- Directed by: Lorenzo Sena
- Starring: James Frain Clemency Burton-Hill Tom Basden Alyy Khan Marija Karan Samuel West Christian Cooke
- Music by: Adam Paul Conway
- Country of origin: United States
- Original language: English

Production
- Producers: Jeffery Beach Phillip J. Roth
- Cinematography: Anton Bakarski
- Editor: Matt Michael
- Running time: 88 minutes

Original release
- Release: 23 March 2010

= Dark Relic =

Dark Relic is a 2010 fantasy horror television film directed by Lorenzo Sena and starring James Frain. The film was generally poorly received.

==Synopsis==
In 1099 at Mount Hermon north of Jerusalem, Sir Gregory, an English knight, finds an ancient relic after a long Crusade. The relic is a piece of the cross Jesus was crucified on. He and his band of Knights then take the relic to Rome for a reward. They travel to Rome on a ship.

Their ships hits a storm and the crew are all swept overboard, the ship is blown off course and beaches on the coast. The knights abandon the ship and head inland. They find a group of civilians being defended by small band of Turks, their allies, who are being beaten in a battle. The knights' step in and defeat the attackers, and two Turks, Hasan and Safa, join their group along with the civilians, one of whom is called Rebecca. The Turks recommend a different route to Rome via land instead of across the sea.

They make camp for the night and one of the knights gets attacked by a supernatural devil and disappears. They find the knight hung up on a tree. Friar George, from the group of civilians, hypothesizes that it is the work of the devil who wants to destroy the relic. Hundreds of dead crows then drop from the sky injuring one of the knights.

Robert, one of the knights, opens the chest the relic is in as he is fascinated by it. But as soon as he opens it the group are attacked by a group of wild wolves and another one of them is killed. Robert cuts himself on the relic and his cut gets infected giving him a fever.

They find a farm where they are set upon by a plague of locusts, the knights manage to barricade themselves inside, however some civilians are killed. Gregory now starts to believe the hypothesis that the devil is trying to kill them and destroy the relic.

They arrive at a monastery, where Robert is able to rest and recover from his fever. Gregory shows the relic to the Abbot, who declares it a true relic.
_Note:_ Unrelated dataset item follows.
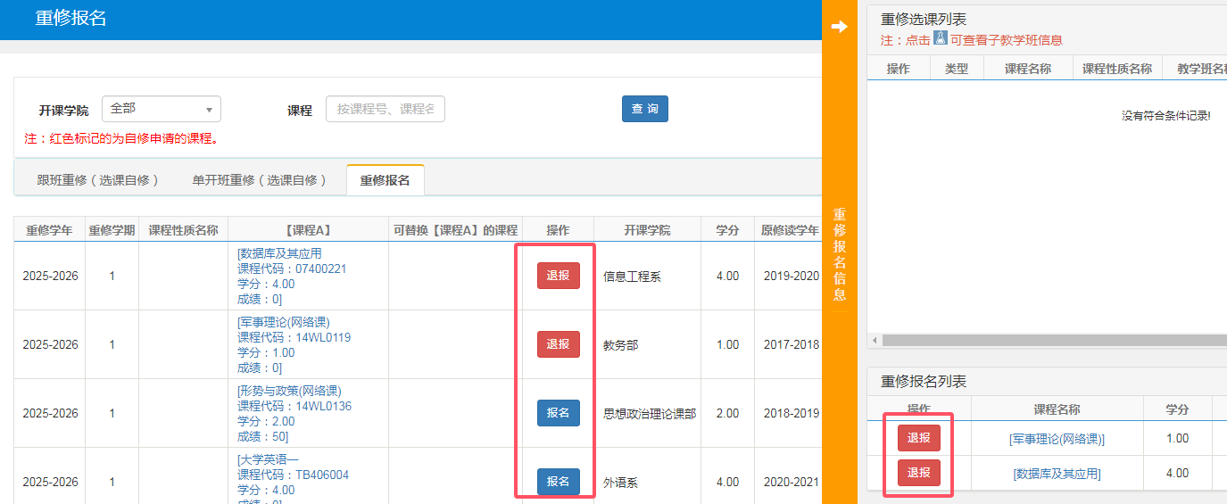 三、出现课程后点击【报名】,报名结束后点击右侧橙色区域可显示当前报名课程。如误报,可点击【退报】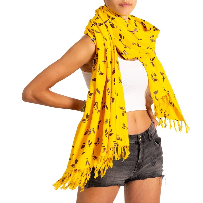 PANASIAM Sarong Orange Shades Scarf Beach Towel Wrap Dress Soft Natural Fabrics Fair Produced, B301 Yellow Butterfly

He informs them that the lettering on the relic is a curse which is attracting evil to them. The Monks at the monastery are infected by the curse and attack the knights, biting and scratching them. The Turks step in and aid the knights in killing the Monks. Gregory tries to destroy the relic by however the relic is unaffected by anything he does to it. Gregory and Hasan now decide they need to return to the Holy Land where the evil of the relic can be contained.

Robert’s fever returns driving him mad, in his madness he attacks one of the civilians before collapsing. The knights build a stretcher to carry him. They travel through the night, when they are attacked by a flying devil like monster. Friar George quotes from the bible to stop it however it breathes fire killing him. Hasan shoots the devil with a holy arrow which drives it away. Gregory buries the relic, hoping to hide and later return with an army to kill the devil.

In the night Robert turns into a demon, growing tentacles and attacking Paul. Gregory pushes Robert off the edge of a cliff. They continue the next day. The relic emerges from the ground in front of them, causing an avalanche which kills Paul. Rebecca picks up the relic, deciding that as it is following them, they need to take it.

They come across a town that has been decimated. They find a survivor who tells them it was all the work of the devil. Another knight is infected by the devil, he attacks killing the survivor, Hasan and Safa before Gregory kills him. Now the only survivors, Gregory and Rebecca make a stand to kill the devil.

The devil attacks them in the night, Gregory duels with the devil. Rebecca fires arrows at it using a crossbow but they have no effect. Gregory then uses the relic, stabbing the devil with it. The religious effect of the relic causes the devil to explode, killing it and destroying the relic.

==Cast==
- James Frain as Sir Gregory
- Clemency Burton-Hill as Rebecca
- Tom Basden as Robert
- Alyy Khan as Hasan
- Marija Karan as Safa
- Samuel West as Friar George
- Christian Cooke as Paul
- Atanas Srebrev as Arthur

==Reception==
Dreadcentral gave the film a 2 and a half out of 5, Horror Asylum gave the film a 3 out of 5., Horrortalk gave the film a 2 out of 10, Letterboxd gave the film half a star out of 5., Radio Times gave the film a 2 out of 5., Starburst Magazine gave the film a 5 out of 10.